|
|
|
|
|
by wildsatchmo
3201 days ago
|
|
There are some blockchain based systems in the works that may help with this mess. If a middleman can be removed, content creators could publish directly to p2p networks without losing the ability to earn money from their contributions. Instead of relying on some rights mgmt company to authorize content they could create a smart contract to programmatically allocate earnings to all parties involved. Time will tell but check out http://www.pepperlaw.com/publications/music-and-the-blockcha... This also has the side effect of eliminating curation bias / censorship allowing for all sorts of new content to become available that might not otherwise be allowed on iTunes/Netflix etc. |
|
The actual problems here are discovery and piracy. The former increases the benefits (real and perceived) of middlemen with promotional channels, speaking to both to the creators wanting their work to be found and anyone finding it. The latter is similarly important: most artists don't make money so every lost sale counts and for every artist who believes content should be unencumbered there seem to be more who demand DRM, especially the mainstream ones with the most customers.

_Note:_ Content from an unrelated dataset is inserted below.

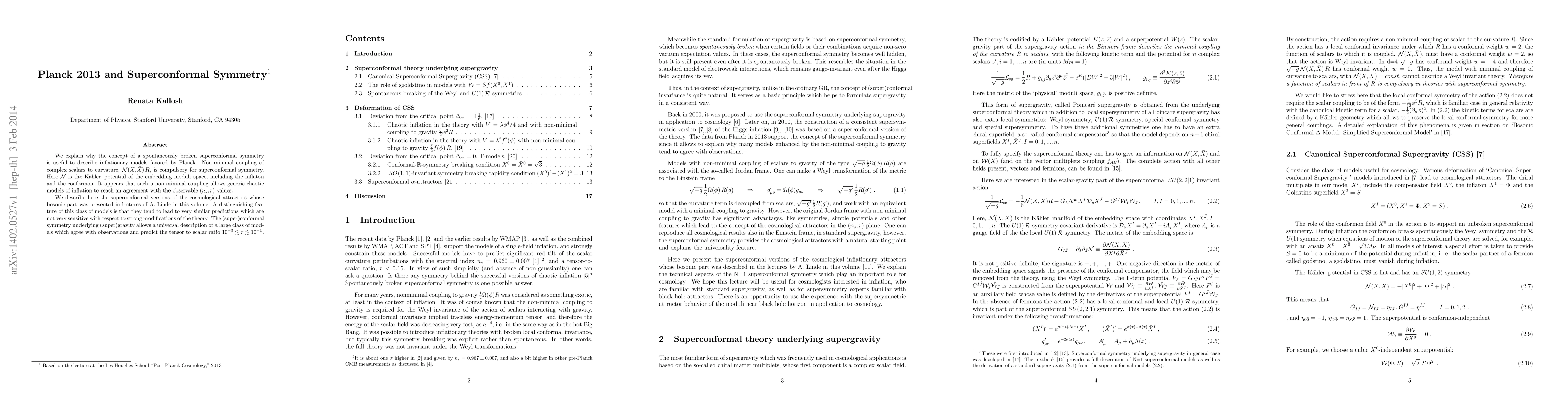This paper explores how spontaneously broken superconformal symmetry can describe inflationary models favored by Planck 2013 data, emphasizing the necessity of non-minimal coupling for complex scalars to curvature. It concludes that such models yield consistent predictions for observable values and are robust against theoretical modifications.

Not addressing both of those is fatal: if customers can't find what they want easily, the service is unlikely to make it out of the indie market. The key thing to remember is that outside of the diehard anti-DRM community, nobody sees this as a problem – most people find what they want on a major service, pay an acceptable amount, and leave satisfied.
Blockchains don't solve those problems and add new ones, like performance and irrecoverably failing open if there's a bug, which are likely showstoppers.